Semi-automatic curation of chronic obstructive pulmonary disease phenotypes using Argo.

Argo is a generic text mining workbench that can cater to a variety of use cases, including the semi-automatic curation of information from literature. It enables its technical users to build their own customised solutions by providing a wide array of interoperable and configurable elementary components that can be seamlessly integrated into processing workflows. With Argo’s graphical annotation interface, domain experts can then make use of the workflows’ automatically generated output to curate information of interest. As part of our participation in the User Interactive Task of BioCreative V, we asked five domain experts to utilise Argo for the curation of phenotypes relevant to the chronic obstructive pulmonary disease (COPD).
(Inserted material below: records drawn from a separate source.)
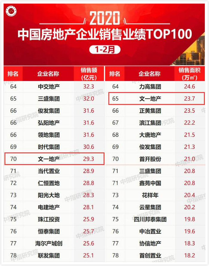 2月29日,中国指数研究院权威发布《2020年1-2月中国房地产企业销售业绩TOP100》榜单,文一地产名列销售额排行榜第70位,销售面积排行榜第65位,位居上榜安徽房企首位。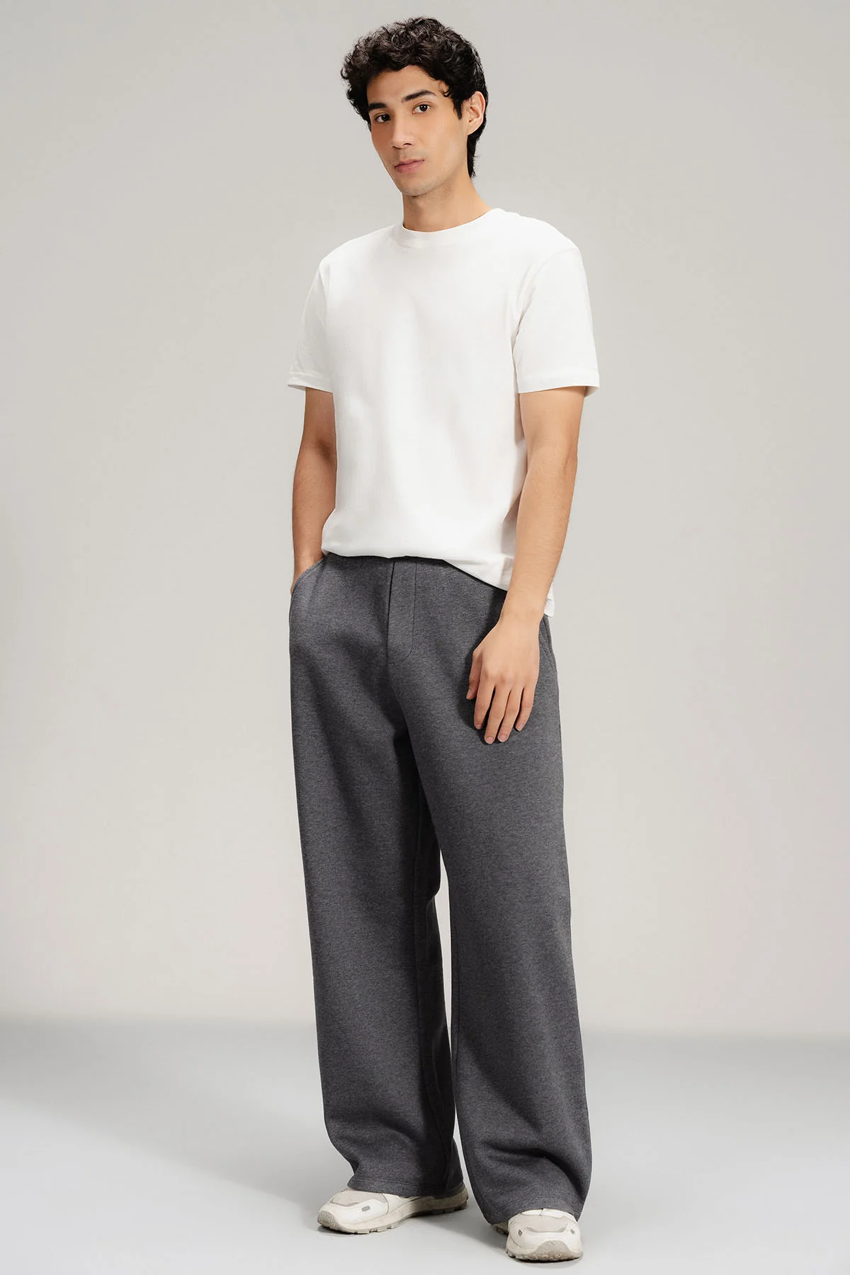 Dark Grey Relaxed pants in fleece fabric, designed with a regular fit for comfort and ease. Perfect for lounging or casual outings, they offer a soft, comfortable feel for everyday wear.
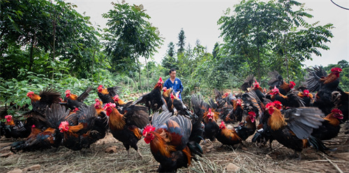 “土紅雞”公雞重約2.5公斤,母雞重約1.9公斤。目前該公司在本地市場開始推廣,深受當(dāng)?shù)匾恍└邫n飯店和機(jī)關(guān)、行政、企事業(yè)單位食堂的青睞。“紅”雞還遠(yuǎn)銷廣州等沿海城市。2023年出欄生態(tài)雞220多萬羽,產(chǎn)值1700多萬元。

Specifically, they carried out three curation subtasks over passages drawn from full-text PubMed Central papers relevant to COPD. These include: (1) the markup of phenotypic mentions in text, e.g., medical conditions, signs or symptoms, drugs and proteins, (2) linking of mentions to relevant ontologies, i.e., normalisation, and (3) annotation of relations between COPD and other mentions. Analysis of the resulting annotations shows that an increase in throughput (9 vs. 14 curated passages per hour) was obtained with text mining-assisted curation. Inter-annotator agreement measured based on concept annotations was at an average F-score of 68.12%. To evaluate the performance of the automatic curation workflow, we compared the annotations it produced against those provided by one of the domain experts and obtained an F-score of 66.97%.